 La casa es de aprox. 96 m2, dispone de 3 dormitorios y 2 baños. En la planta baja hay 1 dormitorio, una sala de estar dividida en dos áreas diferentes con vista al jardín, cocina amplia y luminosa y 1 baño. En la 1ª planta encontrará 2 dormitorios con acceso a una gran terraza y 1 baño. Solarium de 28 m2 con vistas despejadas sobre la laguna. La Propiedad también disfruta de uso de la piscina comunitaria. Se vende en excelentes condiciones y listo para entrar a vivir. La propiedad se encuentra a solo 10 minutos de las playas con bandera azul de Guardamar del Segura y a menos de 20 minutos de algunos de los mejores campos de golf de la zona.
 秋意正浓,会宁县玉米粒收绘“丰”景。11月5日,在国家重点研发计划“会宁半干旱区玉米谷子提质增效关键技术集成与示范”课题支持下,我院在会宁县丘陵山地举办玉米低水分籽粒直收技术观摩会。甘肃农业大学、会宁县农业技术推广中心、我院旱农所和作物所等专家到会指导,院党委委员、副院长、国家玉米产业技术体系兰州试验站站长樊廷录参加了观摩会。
· · · · · · ·
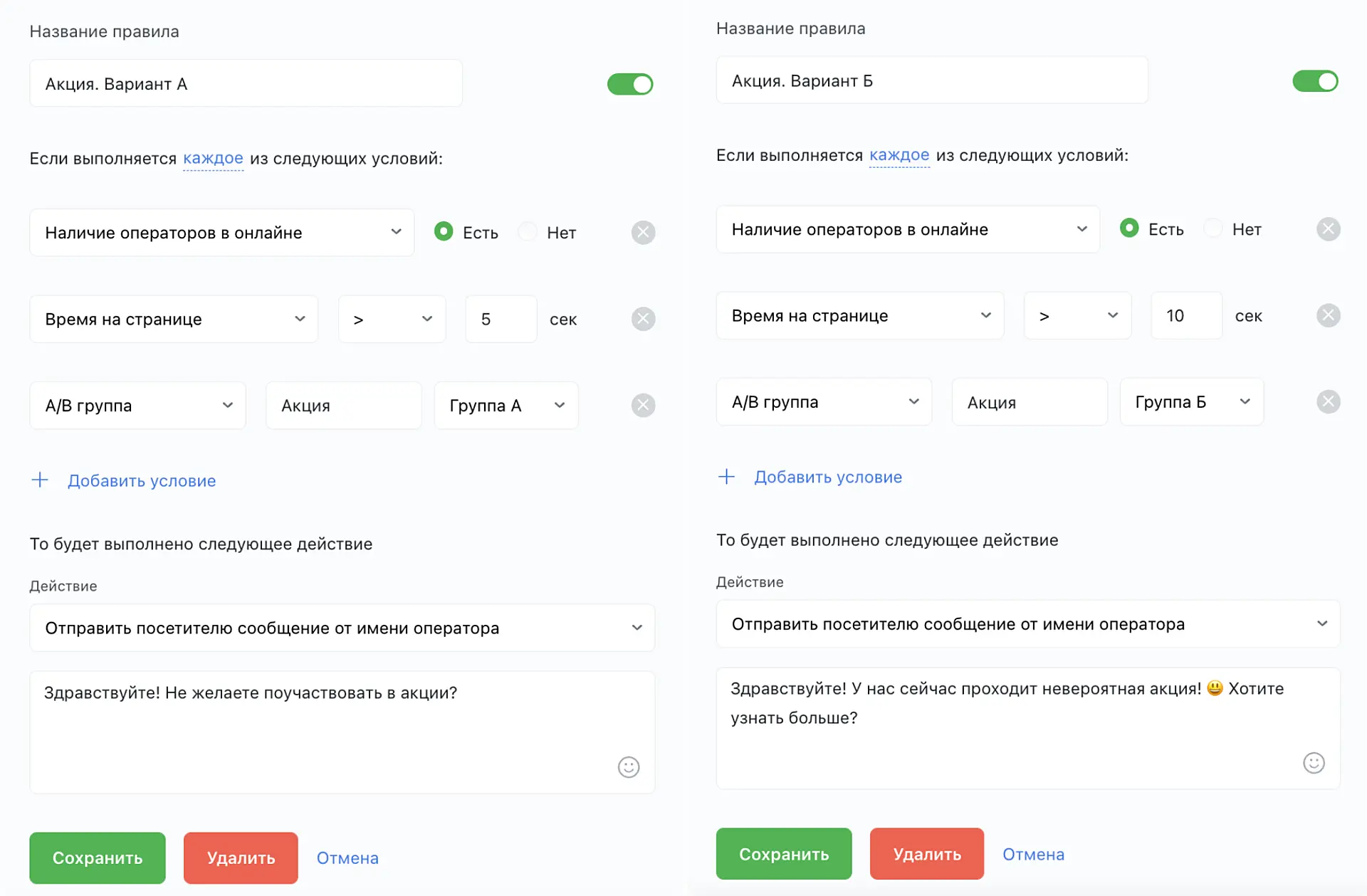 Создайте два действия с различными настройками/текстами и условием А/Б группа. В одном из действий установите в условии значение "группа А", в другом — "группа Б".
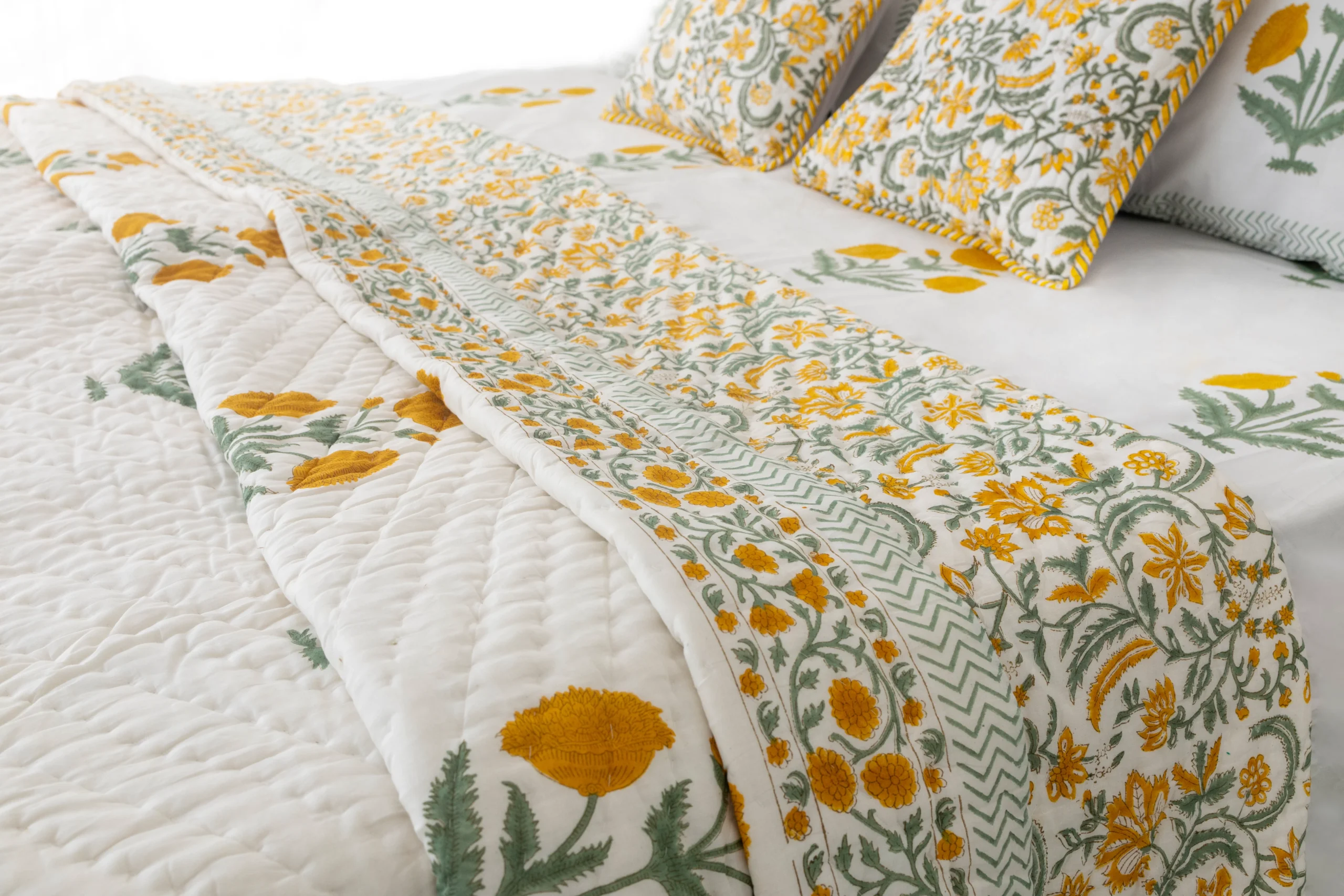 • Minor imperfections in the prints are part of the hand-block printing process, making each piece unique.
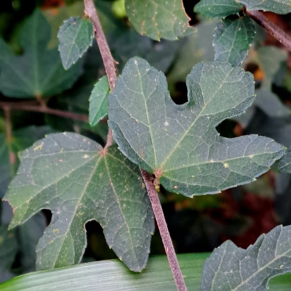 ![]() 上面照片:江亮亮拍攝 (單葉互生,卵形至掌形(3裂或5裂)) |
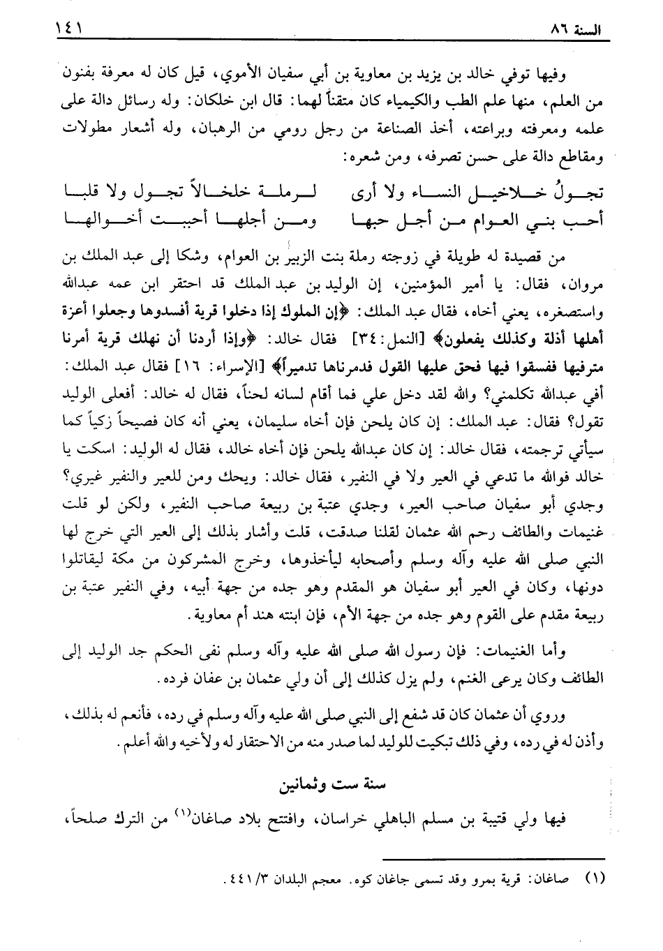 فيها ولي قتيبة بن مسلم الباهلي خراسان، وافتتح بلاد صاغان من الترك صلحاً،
· · · · · · ·
Among the lines above, the one with "上面照片:江亮亮拍攝 (單葉互生,卵形至掌形(3裂或5裂)) |" opens the part to repeat and the one with "فيها ولي قتيبة" closes it; repeat only that part exactly, with no pictures.

 ![]() 上面照片:江亮亮拍攝 (單葉互生,卵形至掌形(3裂或5裂)) |
 فيها ولي قتيبة بن مسلم الباهلي خراسان، وافتتح بلاد صاغان من الترك صلحاً،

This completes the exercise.